# Work order:
Reproduce the full listing below exactly. Do not include the pictures.
*** Opening Given information ***
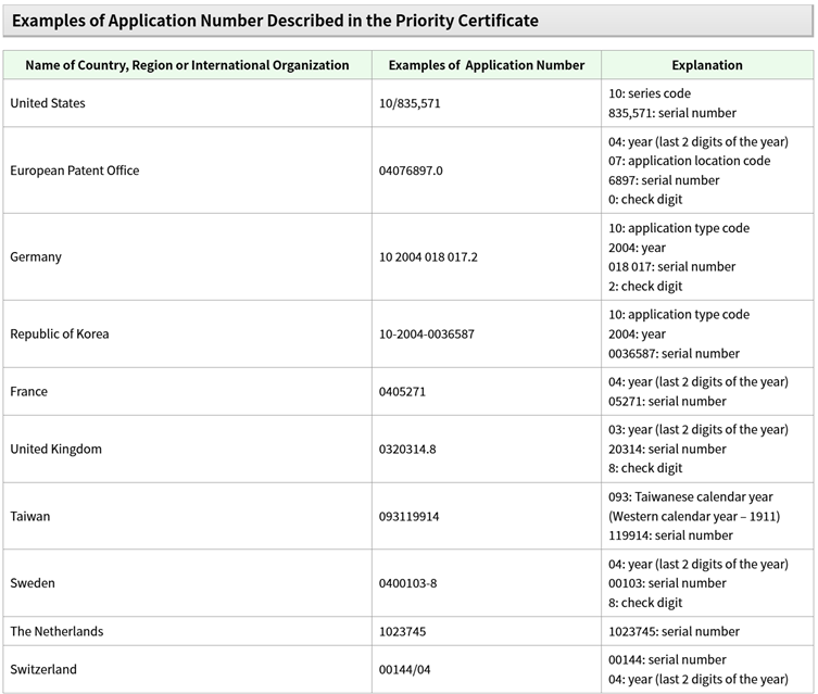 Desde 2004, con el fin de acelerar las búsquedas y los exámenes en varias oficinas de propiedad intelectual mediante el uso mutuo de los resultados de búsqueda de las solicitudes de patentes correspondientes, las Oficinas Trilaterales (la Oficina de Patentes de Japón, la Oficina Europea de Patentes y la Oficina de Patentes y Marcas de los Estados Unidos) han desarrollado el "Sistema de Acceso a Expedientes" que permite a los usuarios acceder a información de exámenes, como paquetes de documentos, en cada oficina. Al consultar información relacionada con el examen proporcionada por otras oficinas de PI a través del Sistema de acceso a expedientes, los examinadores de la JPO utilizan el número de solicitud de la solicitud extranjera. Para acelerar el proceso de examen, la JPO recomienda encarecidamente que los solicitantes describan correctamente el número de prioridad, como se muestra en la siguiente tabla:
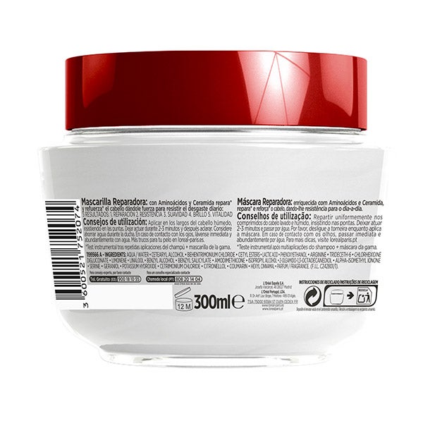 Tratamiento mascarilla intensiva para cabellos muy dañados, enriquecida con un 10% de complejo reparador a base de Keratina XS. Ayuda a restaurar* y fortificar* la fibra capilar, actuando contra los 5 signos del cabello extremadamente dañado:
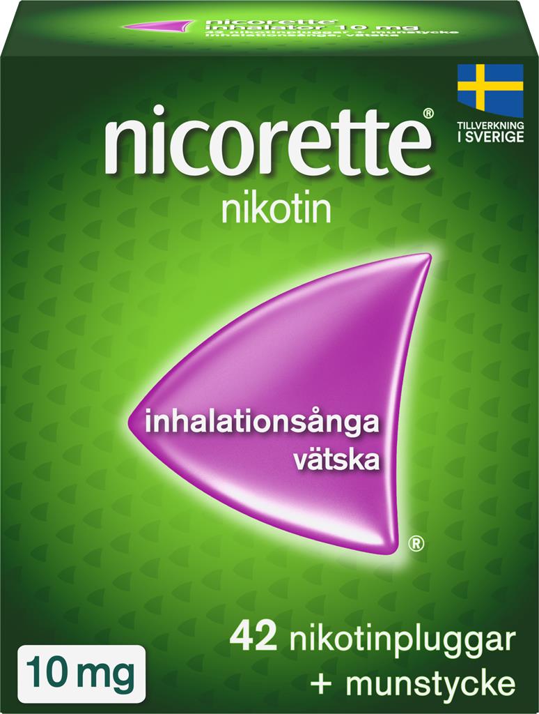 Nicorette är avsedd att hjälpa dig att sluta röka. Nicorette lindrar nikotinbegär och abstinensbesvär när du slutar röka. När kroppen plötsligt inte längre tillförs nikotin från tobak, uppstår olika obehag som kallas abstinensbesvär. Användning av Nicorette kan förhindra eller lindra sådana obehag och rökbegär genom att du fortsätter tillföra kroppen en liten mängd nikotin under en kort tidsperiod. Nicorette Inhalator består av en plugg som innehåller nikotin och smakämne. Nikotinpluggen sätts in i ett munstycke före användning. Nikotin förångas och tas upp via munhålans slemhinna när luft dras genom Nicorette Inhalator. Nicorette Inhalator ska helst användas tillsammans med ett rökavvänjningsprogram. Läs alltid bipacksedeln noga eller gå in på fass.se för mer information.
*** Closing Given information ***
# Output for this exercise:
 Desde 2004, con el fin de acelerar las búsquedas y los exámenes en varias oficinas de propiedad intelectual mediante el uso mutuo de los resultados de búsqueda de las solicitudes de patentes correspondientes, las Oficinas Trilaterales (la Oficina de Patentes de Japón, la Oficina Europea de Patentes y la Oficina de Patentes y Marcas de los Estados Unidos) han desarrollado el "Sistema de Acceso a Expedientes" que permite a los usuarios acceder a información de exámenes, como paquetes de documentos, en cada oficina. Al consultar información relacionada con el examen proporcionada por otras oficinas de PI a través del Sistema de acceso a expedientes, los examinadores de la JPO utilizan el número de solicitud de la solicitud extranjera. Para acelerar el proceso de examen, la JPO recomienda encarecidamente que los solicitantes describan correctamente el número de prioridad, como se muestra en la siguiente tabla:
 Tratamiento mascarilla intensiva para cabellos muy dañados, enriquecida con un 10% de complejo reparador a base de Keratina XS. Ayuda a restaurar* y fortificar* la fibra capilar, actuando contra los 5 signos del cabello extremadamente dañado:
 Nicorette är avsedd att hjälpa dig att sluta röka. Nicorette lindrar nikotinbegär och abstinensbesvär när du slutar röka. När kroppen plötsligt inte längre tillförs nikotin från tobak, uppstår olika obehag som kallas abstinensbesvär. Användning av Nicorette kan förhindra eller lindra sådana obehag och rökbegär genom att du fortsätter tillföra kroppen en liten mängd nikotin under en kort tidsperiod. Nicorette Inhalator består av en plugg som innehåller nikotin och smakämne. Nikotinpluggen sätts in i ett munstycke före användning. Nikotin förångas och tas upp via munhålans slemhinna när luft dras genom Nicorette Inhalator. Nicorette Inhalator ska helst användas tillsammans med ett rökavvänjningsprogram. Läs alltid bipacksedeln noga eller gå in på fass.se för mer information.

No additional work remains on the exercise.